Les pays de l'AES étant enclavés, les impacts économiques des augmentations tarifaires et de la perte de l'accès aux ports côtiers de Dakar, Cotonou, Abidjan, Tema et Lomé seront pires pour eux que pour leurs homologues de la CEDEAO. Par exemple, près de 60 % des exportations de légumes du Burkina Faso et 90 % de ses exportations d'animaux vivants sont destinées au Ghana et à la Côte d'Ivoire. Les oignons sont l'une des principales exportations du Niger, dont le Ghana, la Côte d'Ivoire et le Bénin constituent les principaux marchés d'exportation. Lorsque la Mauritanie a quitté la CEDEAO en 2000, les différences de tarifs et de règles commerciales qui en ont résulté ont alimenté la contrebande et la corruption qui ont servi de source de revenus aux groupes militants de la région.

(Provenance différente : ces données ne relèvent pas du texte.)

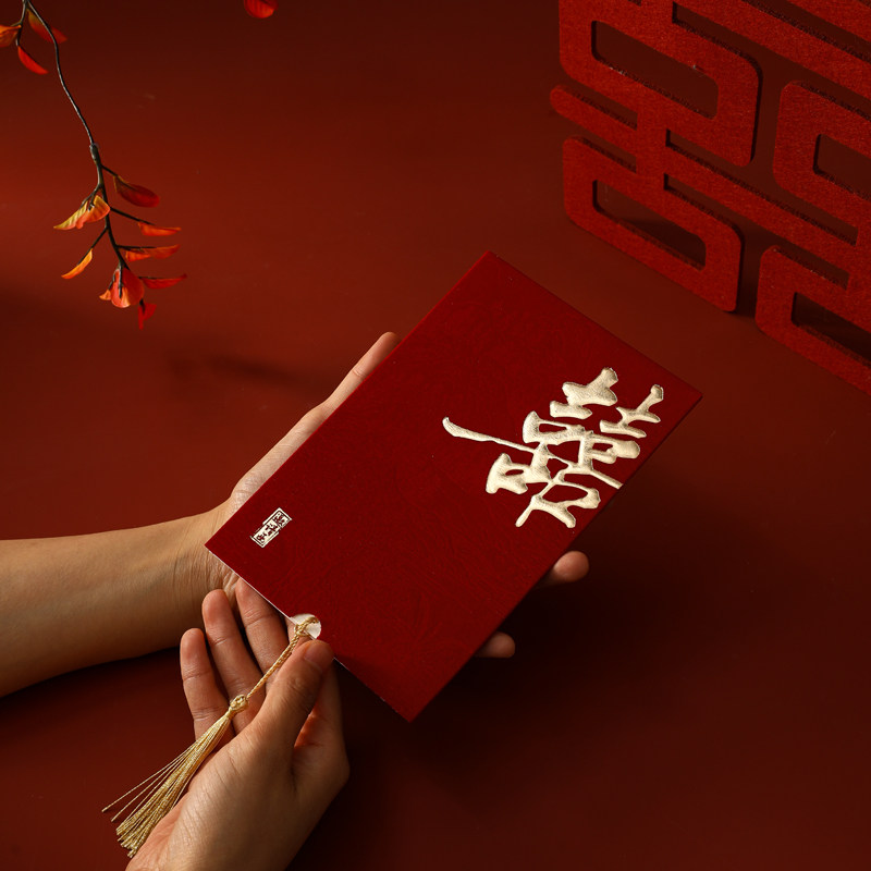 婚礼请柬2025新款 婚宴喜帖高级感邀请函小众定制打印 结婚请帖中式
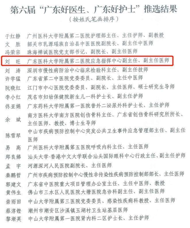 近日,广东省卫生健康委、省文明办、省中医药局、南方日报社、省卫生健康系统思想政治促进会、人之初杂志社等单位联合开展第六届寻找“广东好医生、广东好护士”活动,经各地各部门推荐、活动组委会评审,评出第六届“广东好医生、广东好护士”获奖者20名。其中新葡萄8883官网AMG附属第二医院应急指挥中心副主任刘旺获得第六届“广东好医生”称号。
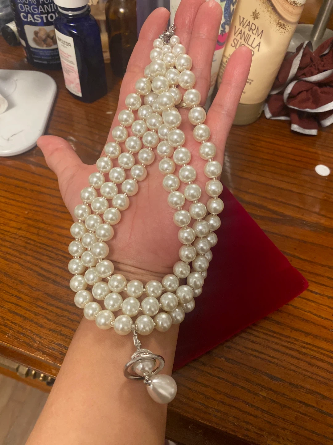 Selling a beautiful Vivienne Westwood pearl necklace! It's in great condition and would make a lovely addition to any outfit. The pearls have a lovely sheen, and the pendant adds a unique touch. High-quality

L'insécurité alimentaire des populations vulnérables des pays de l'AES s'aggravera à son tour. Déjà, le coût d'un régime alimentaire nutritif quotidien dans ces trois pays est 110 % plus élevé que le salaire minimum journalier dans la région. Selon le Programme alimentaire mondial, le trio figure également parmi les points chauds de la faim dans le monde au début de 2025, avec 7,5 millions de personnes dans les trois pays actuellement classées comme étant en situation de crise, d'urgence ou de famine.

Depuis que la CEDEAO a créé une réserve régionale de sécurité alimentaire en 2013 pour mettre en commun les ressources céréalières des pays de la région afin de répondre aux crises alimentaires, les trois pays, ainsi que le Ghana et le Nigeria, ont été parmi les plus grands bénéficiaires de la réserve. Cependant, le Secrétariat de la CEDEAO a noté que leur accès à cette réserve prendra probablement fin en quittant le bloc.

Il y a également des implications pour les transformateurs de produits alimentaires dans le Sahel, en particulier des impacts potentiels sur l'accès à l'électricité et aux matières premières agricoles. En effet, le Burkina Faso et le Niger importent la majorité de leur électricité de Côte d'Ivoire et du Nigeria, respectivement, et le trio AES risque d'être exclu du pool énergétique ouest-africain de la CEDEAO, qui vise à améliorer l'accès des membres au marché régional de l'électricité.

En outre, cette sortie posera des problèmes d'accès aux matières premières telles que la farine de blé et les huiles comestibles, dont une grande partie de la région a besoin pour être enrichie en fer, en vitamine A et en d'autres nutriments. Par exemple, en 2022, plus de 80 % des importations de farine de blé du Mali provenaient du Sénégal. De même, le Burkina Faso ne peut répondre à la demande de consommation d'huiles alimentaires en se basant uniquement sur sa production nationale, ce qui l'oblige à importer environ la moitié de son huile de palme de Côte d'Ivoire. En outre, l'alliance régionale ouest-africaine pour l'enrichissement des aliments à grande échelle, lancée l'année dernière, pourrait perdre une grande partie de son élan, étant donné qu'elle est supervisée par l'Organisation ouest-africaine de la santé (OOAS) de la CEDEAO, dont le siège se trouve au Burkina Faso. En effet, lors de son sommet extraordinaire de l'année dernière, la CEDEAO a prévu de devoir fermer et relocaliser sept agences régionales dans les trois pays, dont l'OOAS.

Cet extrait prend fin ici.